Ich habe momentan das Problem, dass mein PC beim Matchmaking ab und zu nicht auf den Server connected und ich dann natürlich wegen nicht antreten gesperrt werde... 

Es kann sein, ich spiele 3 Matches und beim vierten connected er dann nicht mehr. Das Spiel bleibt im Ladebildschirm hängen. Neustart vom PC oder Game bringen nichts. Es kommt keine Fehlermeldung

Das Problem hatte ich unter Windows 7 64 bit auch schon. Dann dacht ich, mach ich mir 10 drauf und formatier sollte der Fehler behoben sein. Keine Besserung....

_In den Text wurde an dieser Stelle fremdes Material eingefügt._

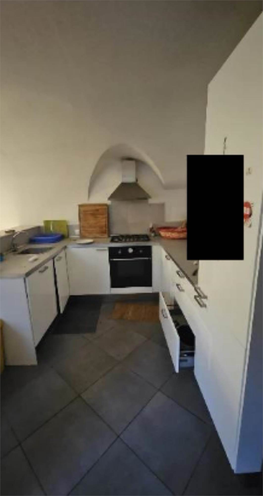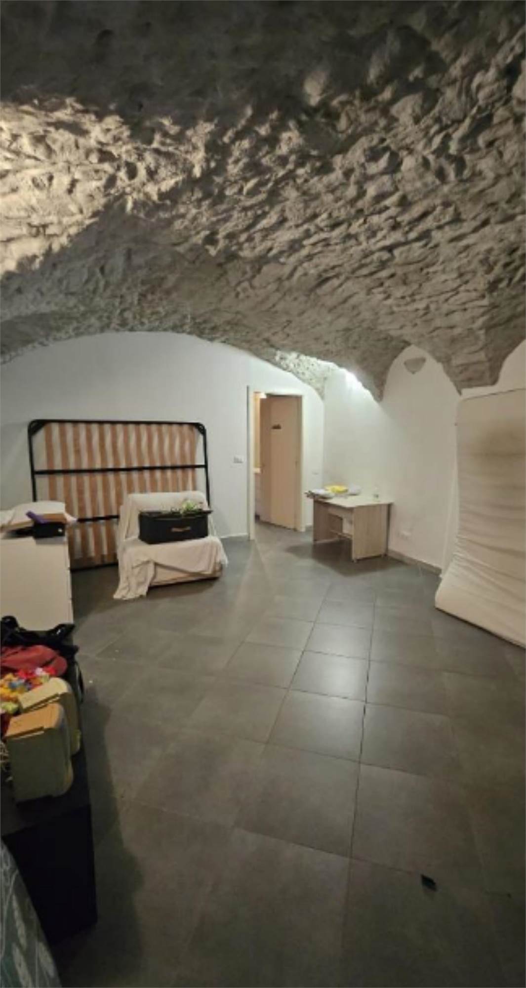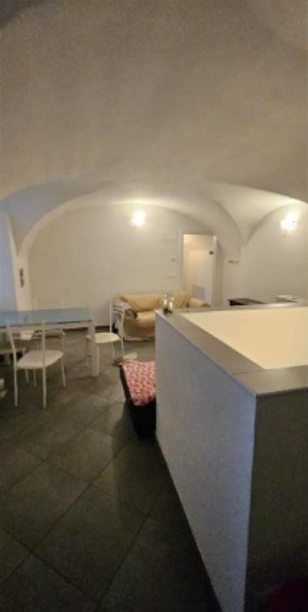 Appartamento posto al piano terra e composto da cucina, salotto e bagno, al piano seminterrato ci sono due locali contigui collegati da una porta di cui uno adibito a camera da letto. Al piano interrato c'è cantina di 2,00 mq.
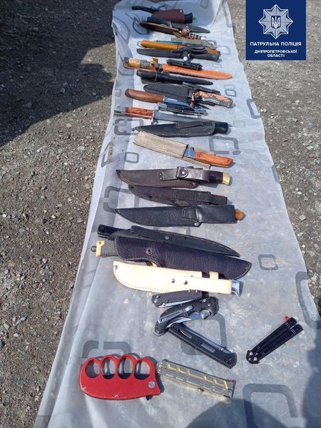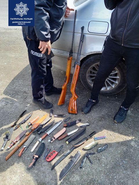 В автомобиле находились двое мужчин. Во время поверхностной проверки на заднем сиденье патрульные обнаружили 15 ножей разных размеров, а также пистолет, кастет и два пневматических ружья. Объяснить для чего и откуда оружие, водитель не смог.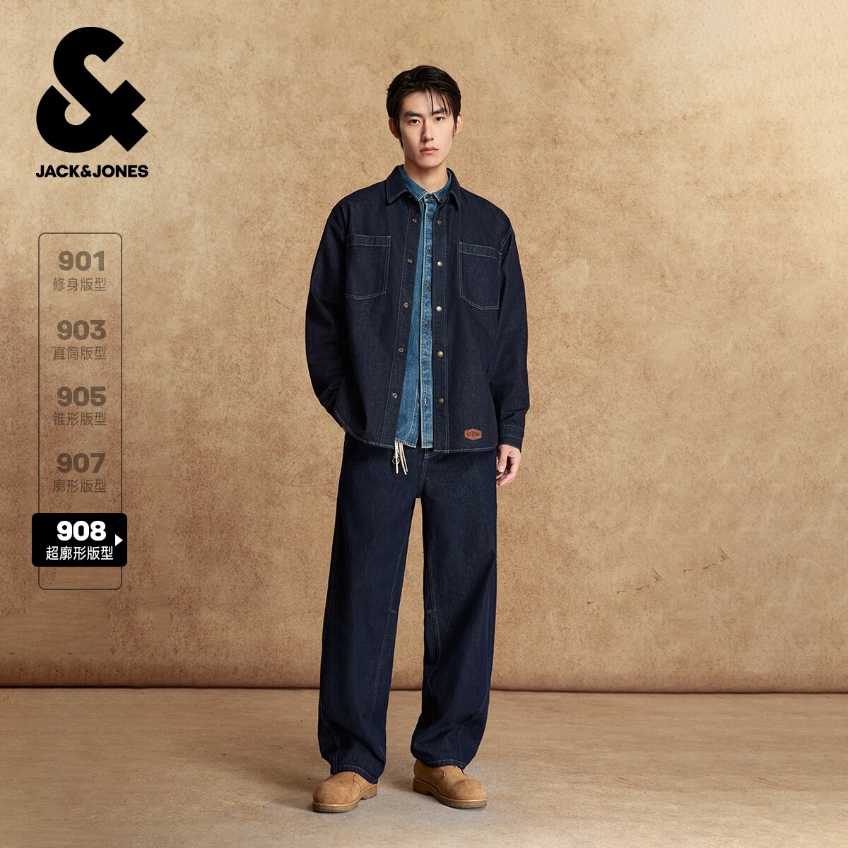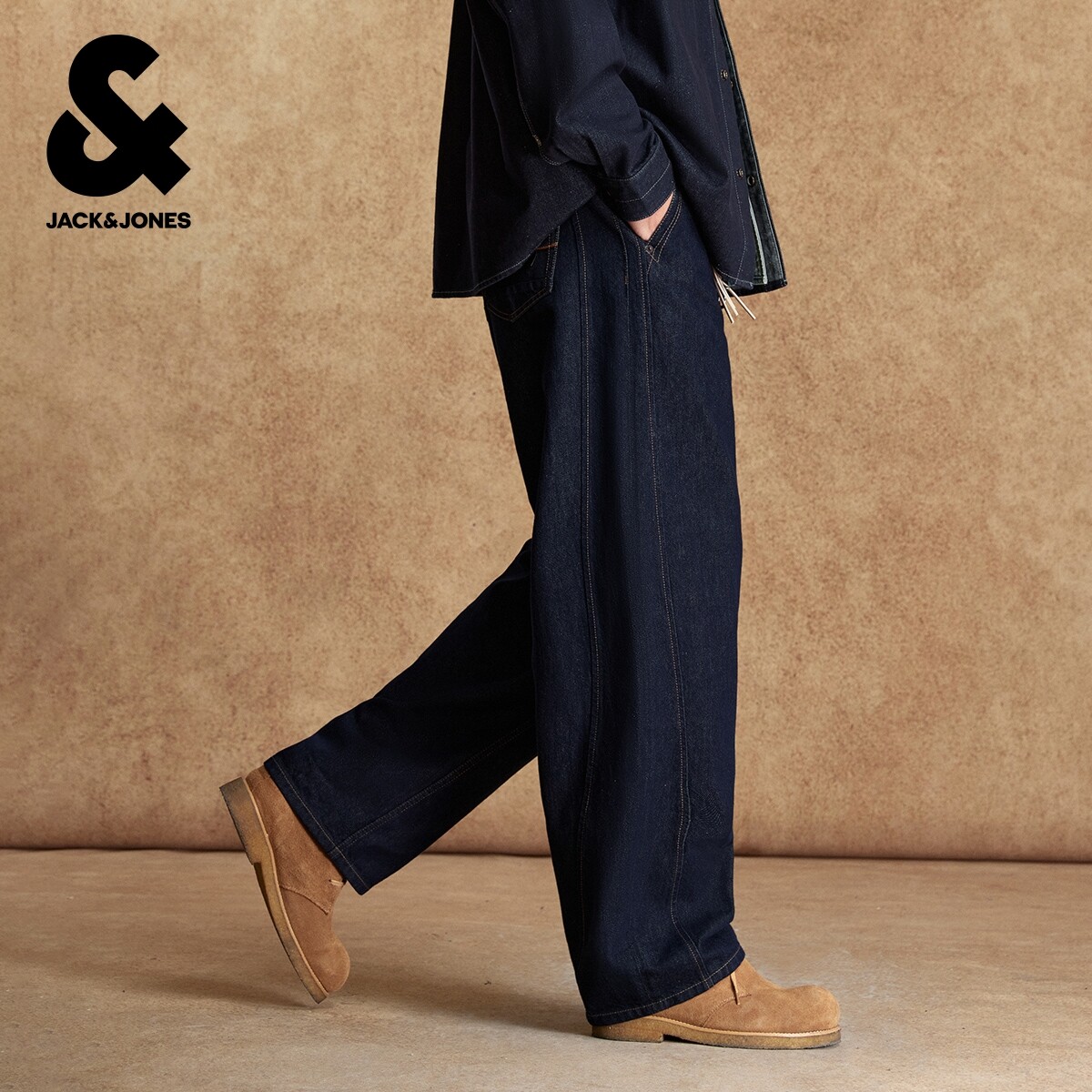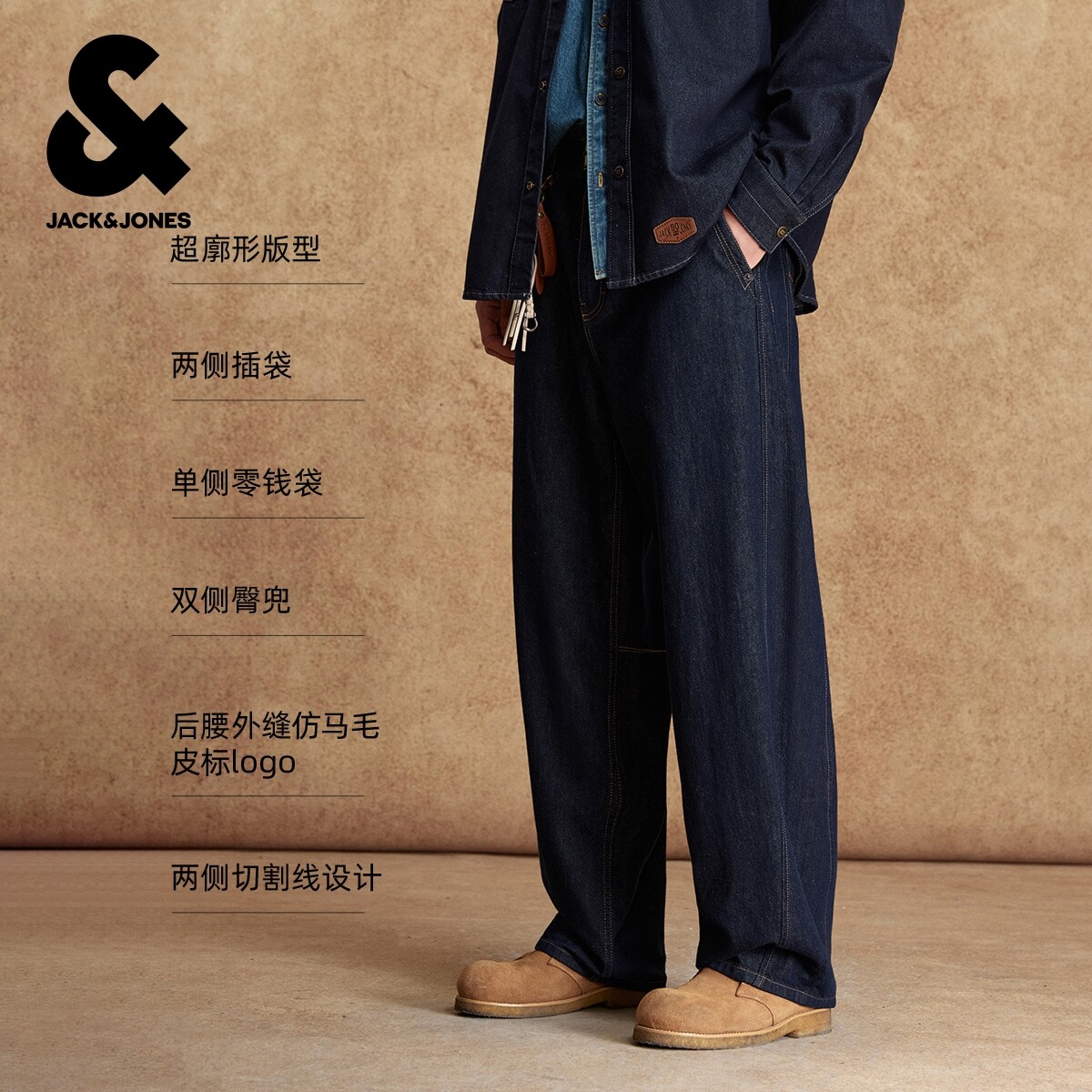杰克琼斯男装牛仔裤春秋出街logo皮标超廓形时尚百搭长裤子男款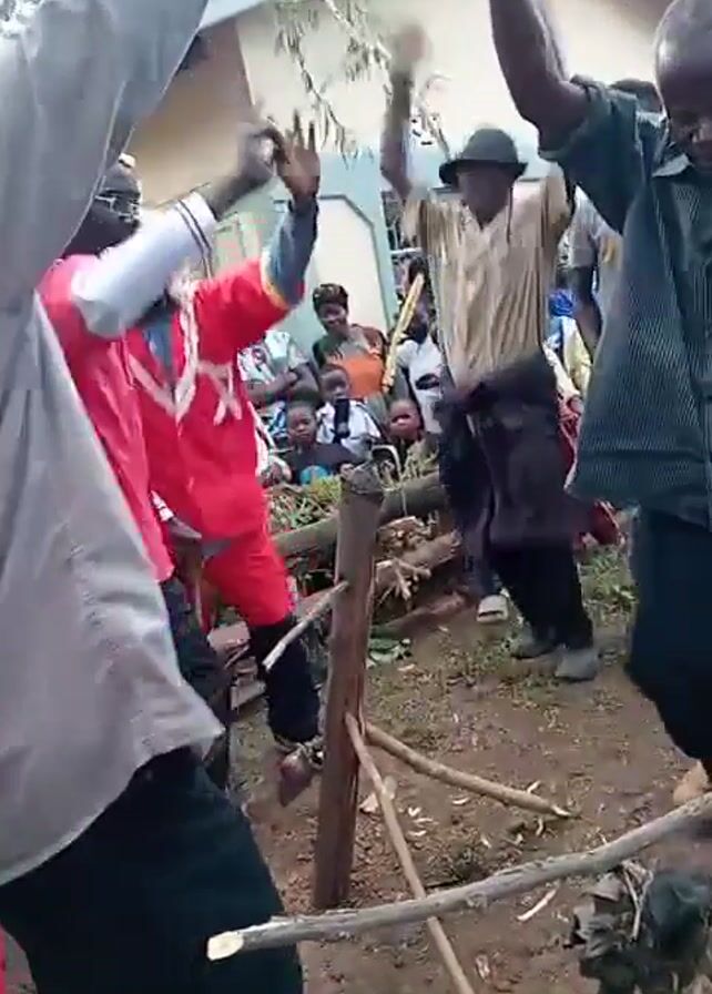 A group of people are gathered outdoors, seemingly celebrating or participating in a ritual. Several individuals are dancing with their arms raised. One person wears a red suit with white accents and a blonde wig. Others are dressed in casual attire. Some people are holding long sticks or leaves. In the foreground, there's a makeshift structure made of wooden sticks. In the background, a building is visible, and there are some children watching the event. The ground appears to be grassy and somewhat muddy. The atmosphere seems lively and energetic.
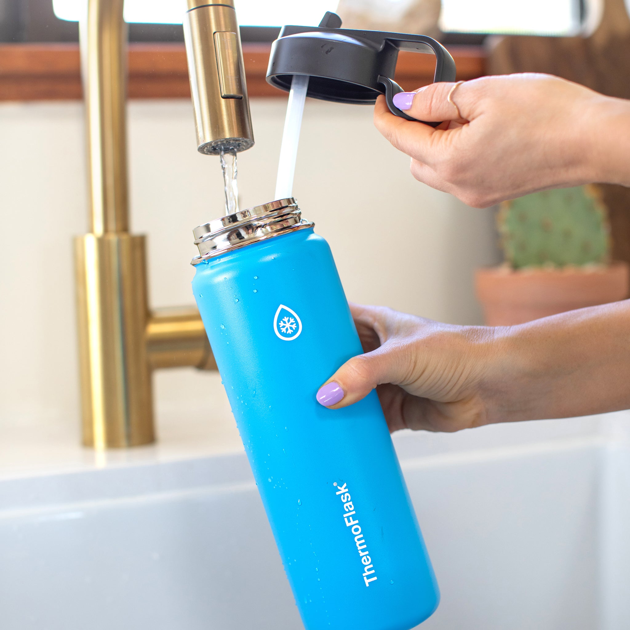 Keep your drink cold for up to 24 hours. or hot for up to 12. Our double-wall vacuum insulated stainless steel bottles prevent outside temperatures from affecting the inside beverage temperature so your drink stays just the way you like it – all day long. Great for everyday adventures or outdoor activities like hiking. camping. biking. sports. picnics. and more. Drink the way you want with easy. controlled one-handed drinking. Chug or straw? Your choice. You get both!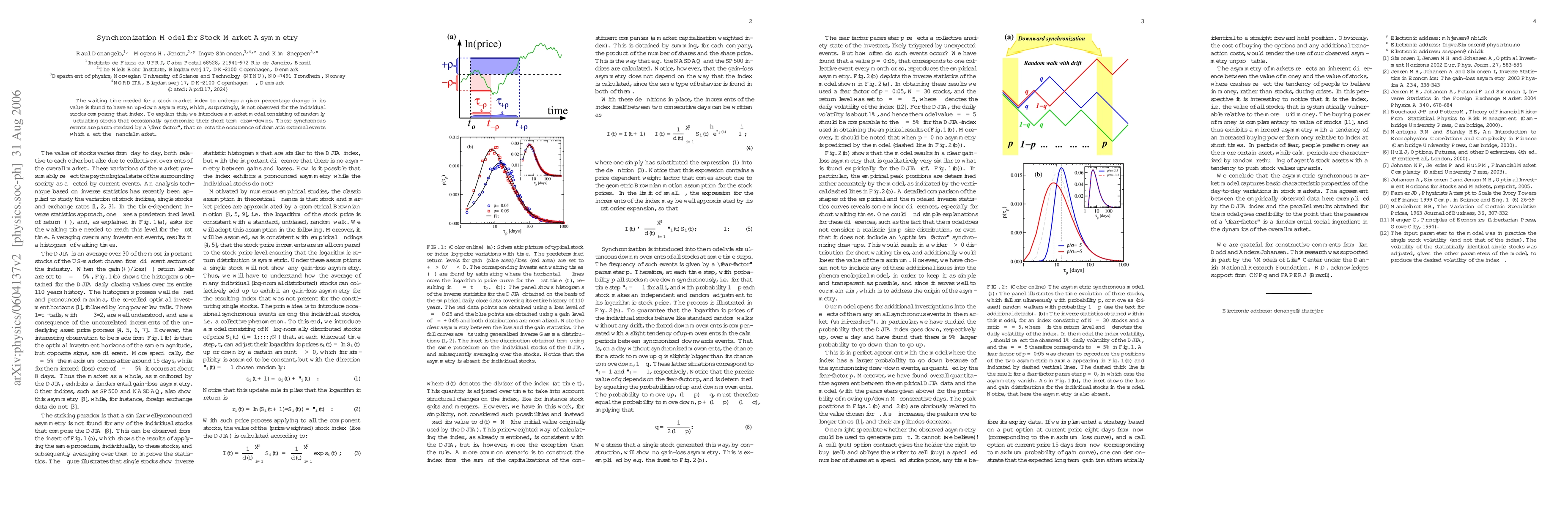 The waiting time needed for a stock market index to undergo a given percentage change in its value is found to have an up-down asymmetry, which, surprisingly, is not observed for the individual stocks composing that index. To explain this, we introduce a market model consisting of randomly fluctuating stocks that occasionally synchronize their short term draw-downs. These synchronous events are parameterized by a ``fear factor'', that reflects the occurrence of dramatic external events which affect the financial market.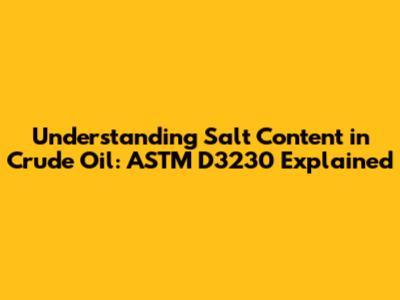 Understanding Salt Content In Crude Oil: ASTM D3230 Explained

Netzwerk läuft über eine AVM 7490 und Internet sind 50 Mbit von der Telekomik. An den Ports habe ich nichts geändert

PC läuft absolut stabil, bei Overwatch, Starcraft 2, Dota, Heroes of the Storm.... keine Blue Screens keine Abstürze, keine Temperatur Probleme...

System

Xeon 1231
16 GB Ram
H97 Gaming
GTX 960 
Nvidia Treiber vom 14.7.2016
Windows 10 64 Bit
alle andere Treiber sind aktuell


----------



## claster17 (17. Juli 2016)

Benutzt du zufällig einen Matchmaking Server Picker?


----------



## steffen2891 (17. Juli 2016)

nein kenn ich gar nicht


----------



## steffen2891 (17. Juli 2016)

Error getting chrome HTML image: imageID(7), iIndex(65535)
Telling Steam not to update the app for the next 900 seconds
Connecting to public(146.66.156.214:27065) ...
Server using 'public' lobbies, requiring pw no, lobby id ffffffffffffffff
Connected to 146.66.156.214:27065


----------